MINHA AMIGA SONHOU COM A CIDADE OUTRA VEZ

Queria me contar um sonho que acabara de ter e achou que precisava compartilhar com alguém para se acalmar.
“Não sei se estou perdendo minha cidade, ou se é ela que me está perdendo”, escreveu pegando-me de surpresa.
Como assim?
“Sinto-me cada vez mais estranha em relação a tudo, a lugares, pessoas, situações, como se ela estivesse perdendo gradativamente a perspectiva, como nas pinturas antigas, ou se a imagem e as cores estivessem derretendo e perdendo a forma que a constituía.”
Que estranho!
“Mais uma vez, no sonho, senti que era uma árvore que estava se separando de suas raízes pela absorção da seiva pela terra.

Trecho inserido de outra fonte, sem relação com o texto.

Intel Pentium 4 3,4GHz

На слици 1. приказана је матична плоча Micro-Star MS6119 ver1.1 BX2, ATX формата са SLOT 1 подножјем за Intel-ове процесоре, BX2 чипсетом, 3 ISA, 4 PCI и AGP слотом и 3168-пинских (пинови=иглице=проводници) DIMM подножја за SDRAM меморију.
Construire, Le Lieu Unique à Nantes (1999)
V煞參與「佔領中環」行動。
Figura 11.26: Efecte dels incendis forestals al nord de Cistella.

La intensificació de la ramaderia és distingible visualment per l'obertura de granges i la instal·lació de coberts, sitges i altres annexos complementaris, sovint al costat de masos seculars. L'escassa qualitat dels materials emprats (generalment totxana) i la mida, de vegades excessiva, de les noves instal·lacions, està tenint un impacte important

Essa sensação me fez acordar assustada e insegura.”
“Por isso liguei para você, pois confio em você, meu amigo. Acho que preciso de ajuda e, ao mesmo tempo, sinto que preciso reagir e encontrar forças em mim mesma. Estou num dilema!”
“Conte comigo e com você!”
“Agora me recordo também de uma imagem que fez meu corpo tremer. Na cidade as árvores se transformavam em pessoas e saiam andando pelas ruas como numa procissão mas, ao mesmo tempo, pareciam estranhas umas às outras e sem saber para aonde ir, mas parecia que precisavam dizer algo muito importante.”

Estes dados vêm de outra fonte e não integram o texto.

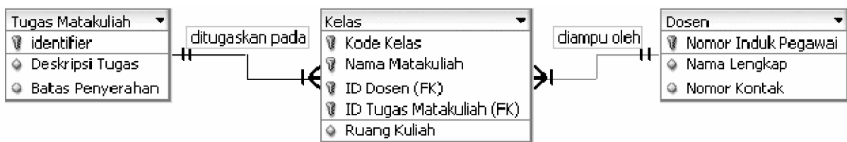
Gambar 3: Ketiga entitas utama dalam model data dan hubungan antar masing-masing entitas.

Karena beberapa alasan tersebut, entitas Dosen pada model data kita akan menggunakan pengidentifikasi arbitrer berupa Nomor Induk Pegawai sebagaimana diperlihatkan dalam Gambar 3. Dalam notasi crow's foot , relasi non- identifying digambarkan dengan garis putus-putus atau tersamar.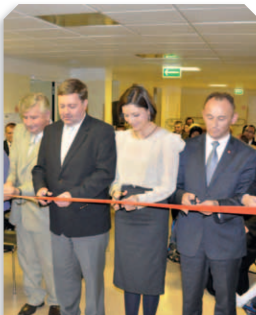
Otwarcie Ośrodka Rewalidacyjno-Wychowawczego – 2011 r.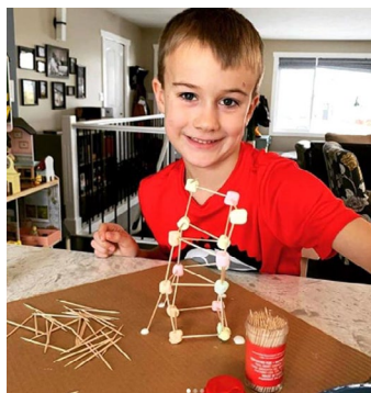
À l'aide de cure-dents et de mini-guimauves, ce louveteau a construit la plus haute tour sans qu'elle ne s'écroule.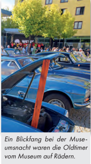
Ein Blickfang bei der Museumsnacht waren die Oldtimer vom Museum auf Rädern.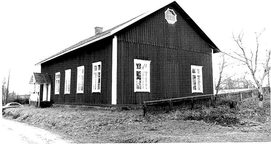
Neg. nr. T 14:05 Missionshuset från NO

Ödeshögs kommun Trehörna socken Svärdsfälla 1:3 Svärdsfälla missionshus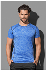
ST8840 Recycled Sports-T Reflect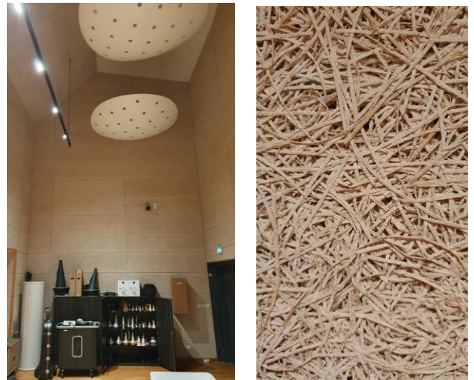
Salle harmonie et son matériau mural

Salle percussions : acoustique la plus sèche des 3 salles, elle est totalement insonorisée . Même constitution que la salle harmonie, mais avec un plafond plus bas. Les percussionnistes peuvent travailler sans déranger personne.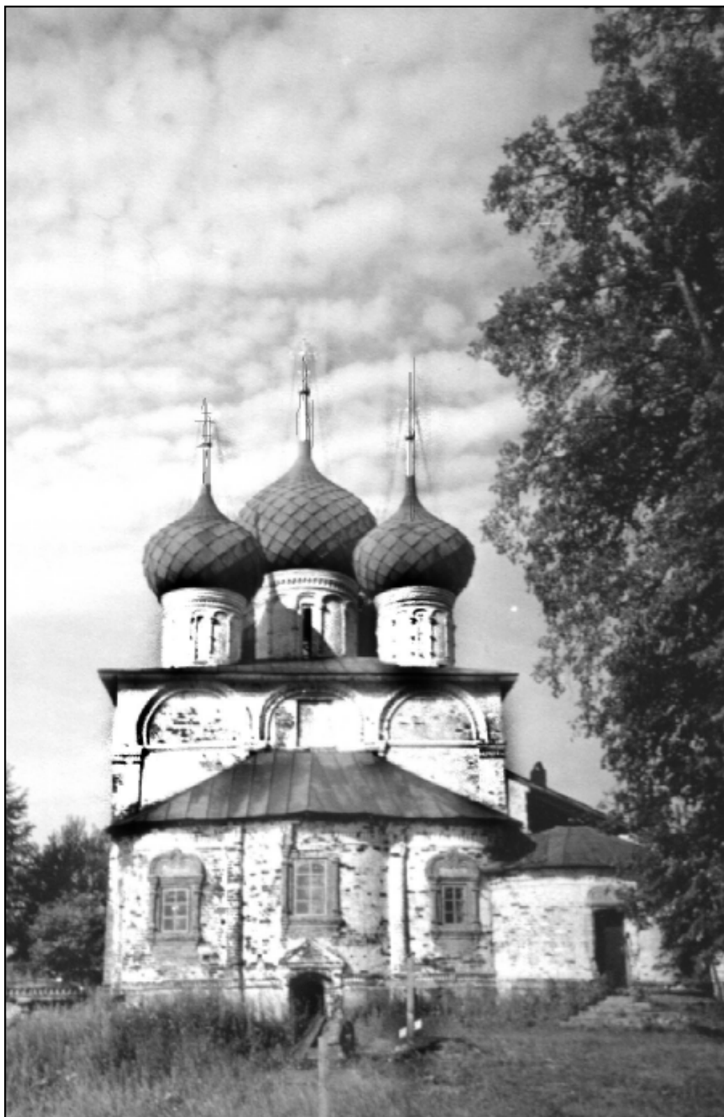
Храм во имя святителя Николы. Старообрядческий Николо-Улейменский женский монастырь. 1999 г.

“Você conseguiu saber do que se tratava?”
“Não. Elas na realidade sentiam uma necessidade, mas pareciam travadas e incapazes de interpretá-la e, talvez por isso, continuavam caminhando pelas ruas desertas.”
“Elas faziam algum ruído, cantavam ou gritavam, por exemplo?”

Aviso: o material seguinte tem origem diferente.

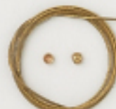
K4543 (ゴールド) 4m巻 (40×7) 約0.5mm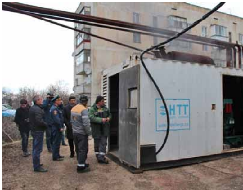
Встановлення дизель-генератора. Крим, 2015 р.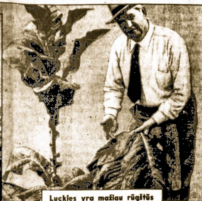
Luckies yra mažiau rūgštūs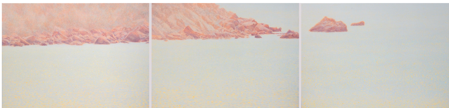
Shimmering, 2022 121 x 510 cm, acrylique et huile sur toile

“Percebi apenas um murmúrio desarticulado e aparentemente sem sentido algum. Me pareciam mesmo perdidas, mas absurdamente unidas por um propósito desconhecido.”
“Eu também venho tendo sonhos estranhos, parecidos com o seu, mas consigo recordar a maior parte deles e arriscar as minhas próprias interpretações, a fim de encontrar algumas explicações para as personagens que surgem e desaparecem e que me parecem irrequietas, desassossegadas e insatisfeitas com algo.”
“O que você gostaria que acontecesse, considerado esses sonhos, pois isso também venho me perguntando?”
Resolvi escrever essas linhas para compartilhar esses sonhos e descobrir se estão ocorrendo também com outras pessoas.
Minha amiga e eu temos um sentimento comum: amamos nossa cidade e talvez a quiséssemos ver diferente, um lugar em que pudéssemos nos sentir confiantes e seguros, em que houvesse mais alegrias e menos dramas, participar da construção do seu futuro a cada dia, acreditando na felicidade como uma possibilidade real.
Bem, minha amiga conversou comigo por mais de uma hora ao telefone e procurei refletir para ela ideias refrescantes e restauradoras de sentimentos saudáveis e fiquei feliz quando a ouvi dizer que já se sentia melhor e que, enfim, os sonhos são assim mesmo povoados de imagens de anjos e demônios, mas quando a noite e o medo se vão e começa a clarear, a luz nos prepara um novo despertar para a realidade. (C.R.)